EXCERPTED DATA:
===============
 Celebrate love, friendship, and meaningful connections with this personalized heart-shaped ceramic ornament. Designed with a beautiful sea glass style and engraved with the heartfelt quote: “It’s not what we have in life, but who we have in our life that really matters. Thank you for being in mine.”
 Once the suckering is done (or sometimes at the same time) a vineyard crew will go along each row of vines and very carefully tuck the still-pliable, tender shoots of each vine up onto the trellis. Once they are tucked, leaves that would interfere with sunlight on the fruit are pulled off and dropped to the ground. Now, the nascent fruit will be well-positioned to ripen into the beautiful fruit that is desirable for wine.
===============
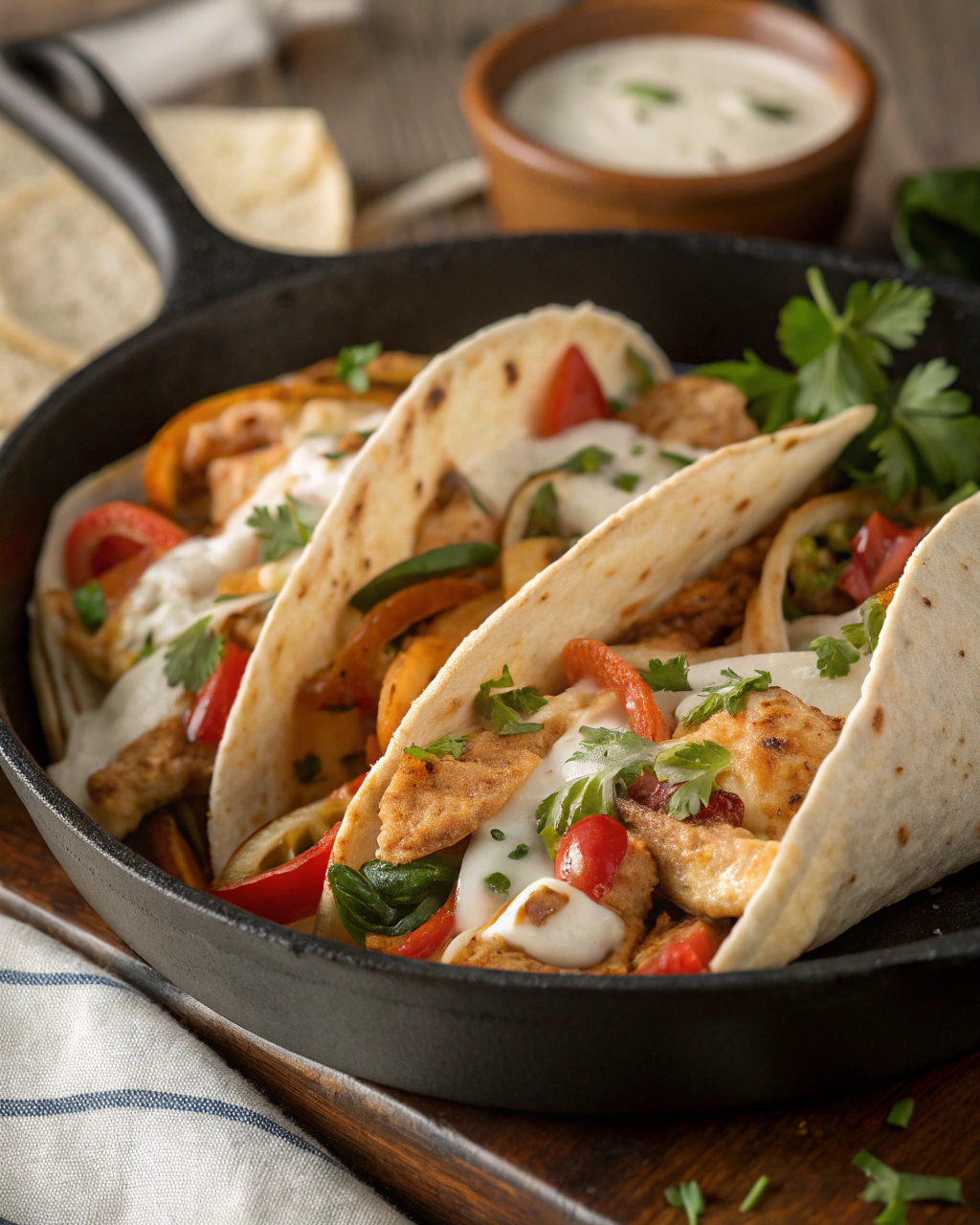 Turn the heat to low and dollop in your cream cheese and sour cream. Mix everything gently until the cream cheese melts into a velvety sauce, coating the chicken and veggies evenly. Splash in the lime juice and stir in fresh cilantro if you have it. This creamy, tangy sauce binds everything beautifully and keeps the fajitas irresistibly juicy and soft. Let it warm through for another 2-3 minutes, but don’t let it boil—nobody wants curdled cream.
===============
WHAT YOU ARE ASKED TO DO:
For this exercise, repeat exactly the lines of the data above from the one with "Celebrate love, friendship, and" down to the one with "Once the suckering", both end lines included.

TASK OUTPUT:
 Celebrate love, friendship, and meaningful connections with this personalized heart-shaped ceramic ornament. Designed with a beautiful sea glass style and engraved with the heartfelt quote: “It’s not what we have in life, but who we have in our life that really matters. Thank you for being in mine.”
 Once the suckering is done (or sometimes at the same time) a vineyard crew will go along each row of vines and very carefully tuck the still-pliable, tender shoots of each vine up onto the trellis. Once they are tucked, leaves that would interfere with sunlight on the fruit are pulled off and dropped to the ground. Now, the nascent fruit will be well-positioned to ripen into the beautiful fruit that is desirable for wine.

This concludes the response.